__Task goal__.
Would you transcribe each entry precisely as it stands, setting aside any images?
*** Supplied material ***
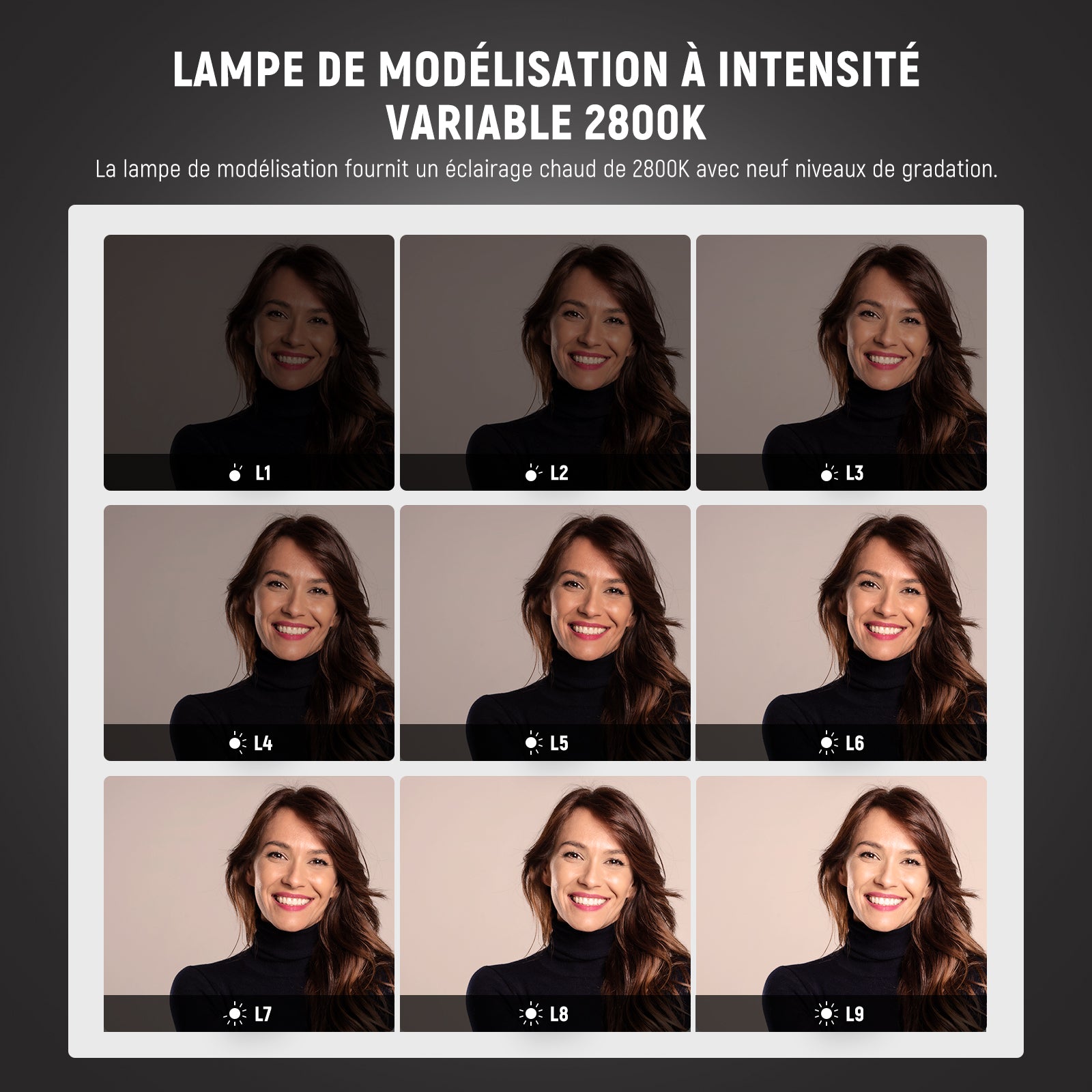 - 【Lampe de modélisation supérieure de 150W】 compacte mais performante, la lampe de modélisation de 150W dispose de 9 niveaux de luminosité (L1 à L9) et d'un réglage de la puissance du flash de 7,0 à 10 (1/8 à 1/1) pour correspondre aux conditions de lumière ambiante. Une durée de flash de 1/2000 à 1/800s et un temps de recyclage de 0,4 à 2,8s. Le tube flash avec une puissance de sortie stable résiste à chaleur élevée, à haute tension,à déformation et à casse.Fonction mémoire enregistre paramètres
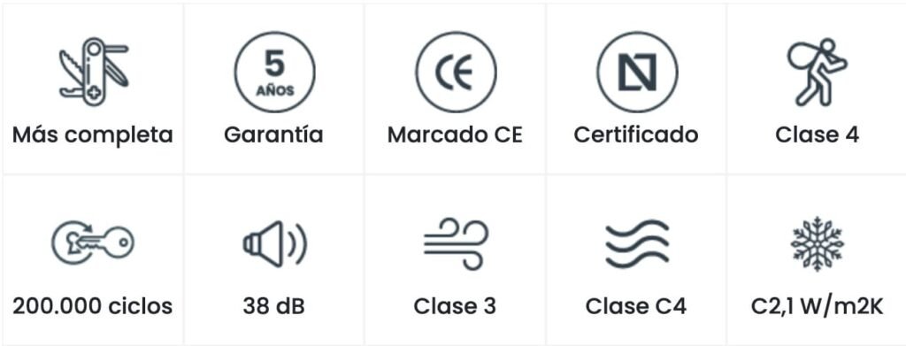 - Garantía: 3 años + 2 años adicionales (solo sistema de cierre sin cilindro)
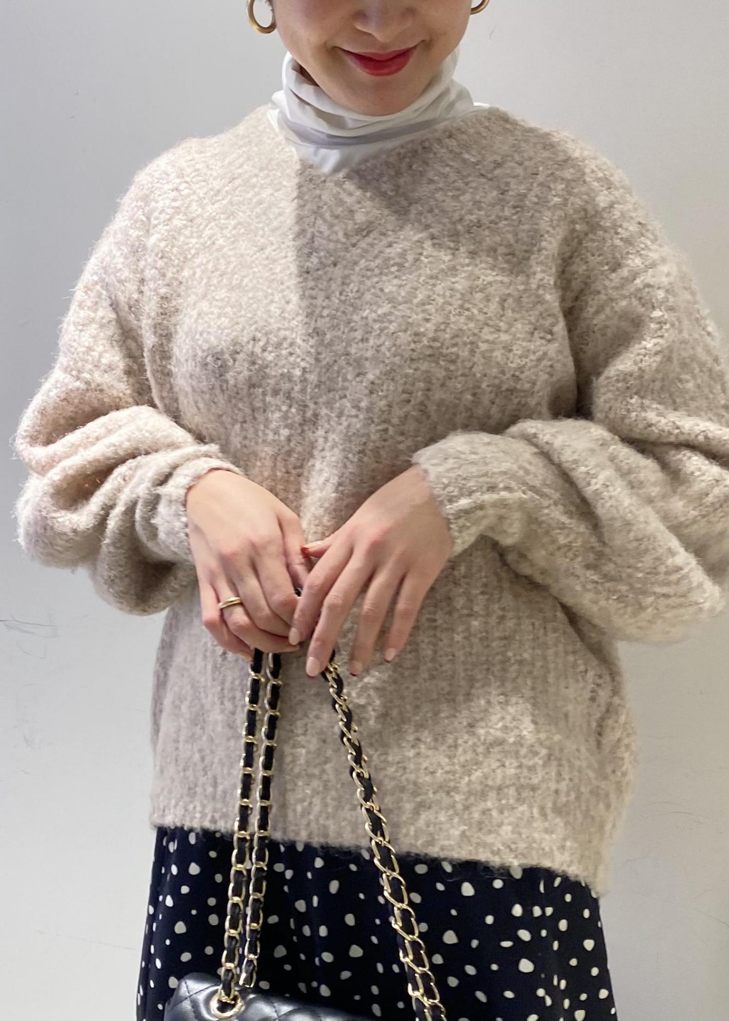 メランジニットは風合いが柔らかく、軽くて暖かいです◎ マーメイドスカートやレザースカートとの合わせが オススメです! パンツスタイルが多い方は、デニムにロングブーツをインしてクールなコーディネートも楽しんでみて下さい!
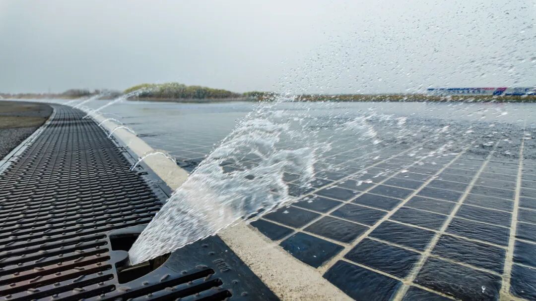 为了保证路面整体均匀性与长期稳定性,该测试区域创新引入模块化浇筑工艺,确保表面平整度误差≤1.5mm,模块间拼缝平滑无缝;此外,项目团队还自主研发了智能双向水系系统,独立可控的喷淋阵列消除了风力对水膜均匀性的干扰,将水膜厚度稳定控制在1±0.5mm范围内,实现全天候、高一致性的低附路面测试条件。
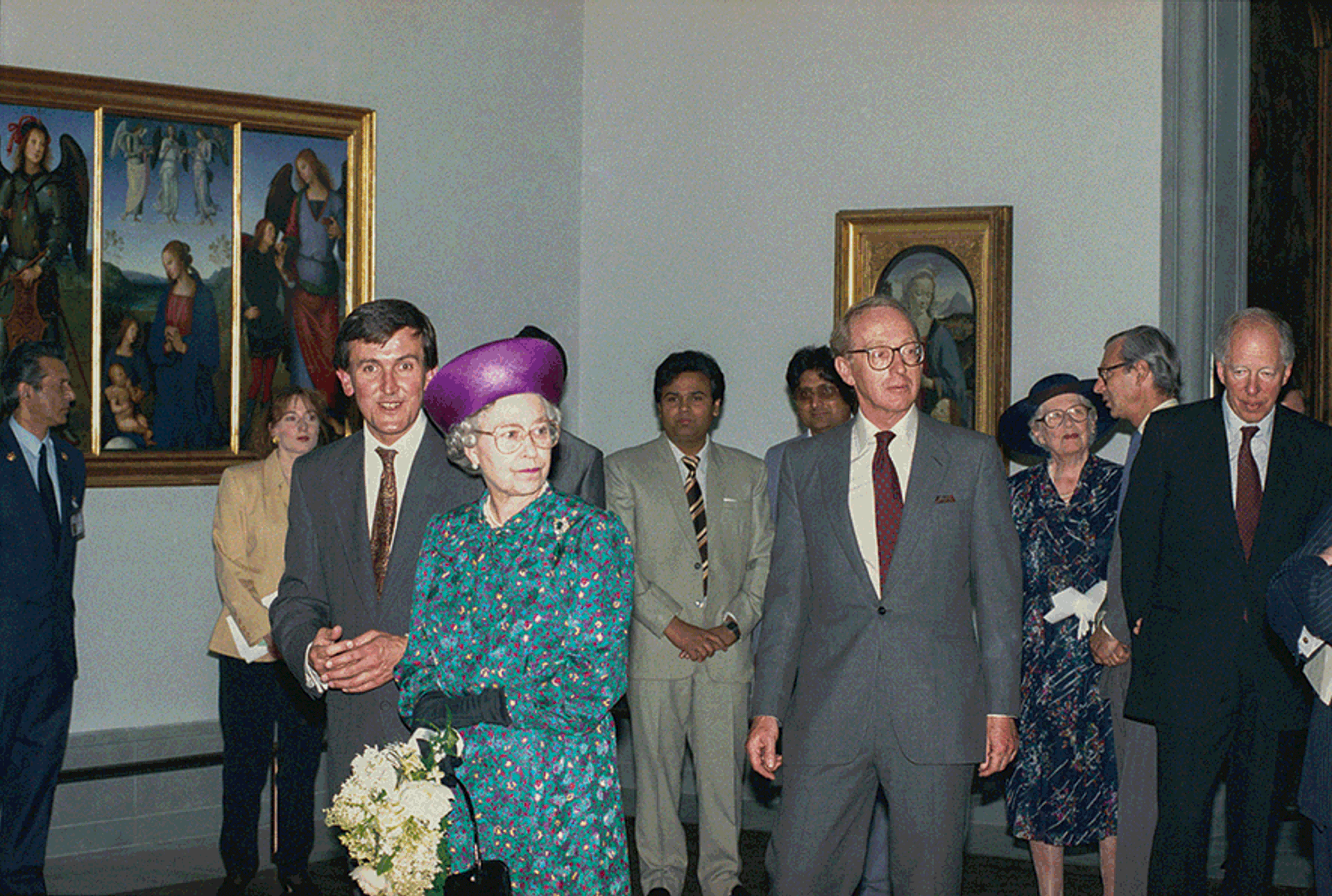 Queen Elizabeth II at the opening of the Sainsbury Wing in July 1991, with Neil MacGregor (left) and Jacob Rothschild (far right)—then director and chairman of the National Gallery—and two of the three donor brothers, Simon Sainsbury (centre) and Tim Sainsbury (second right)
*** End of Supplied material ***
__Exercise solution__.
 - 【Lampe de modélisation supérieure de 150W】 compacte mais performante, la lampe de modélisation de 150W dispose de 9 niveaux de luminosité (L1 à L9) et d'un réglage de la puissance du flash de 7,0 à 10 (1/8 à 1/1) pour correspondre aux conditions de lumière ambiante. Une durée de flash de 1/2000 à 1/800s et un temps de recyclage de 0,4 à 2,8s. Le tube flash avec une puissance de sortie stable résiste à chaleur élevée, à haute tension,à déformation et à casse.Fonction mémoire enregistre paramètres
 - Garantía: 3 años + 2 años adicionales (solo sistema de cierre sin cilindro)
 メランジニットは風合いが柔らかく、軽くて暖かいです◎ マーメイドスカートやレザースカートとの合わせが オススメです! パンツスタイルが多い方は、デニムにロングブーツをインしてクールなコーディネートも楽しんでみて下さい!
 为了保证路面整体均匀性与长期稳定性,该测试区域创新引入模块化浇筑工艺,确保表面平整度误差≤1.5mm,模块间拼缝平滑无缝;此外,项目团队还自主研发了智能双向水系系统,独立可控的喷淋阵列消除了风力对水膜均匀性的干扰,将水膜厚度稳定控制在1±0.5mm范围内,实现全天候、高一致性的低附路面测试条件。
 Queen Elizabeth II at the opening of the Sainsbury Wing in July 1991, with Neil MacGregor (left) and Jacob Rothschild (far right)—then director and chairman of the National Gallery—and two of the three donor brothers, Simon Sainsbury (centre) and Tim Sainsbury (second right)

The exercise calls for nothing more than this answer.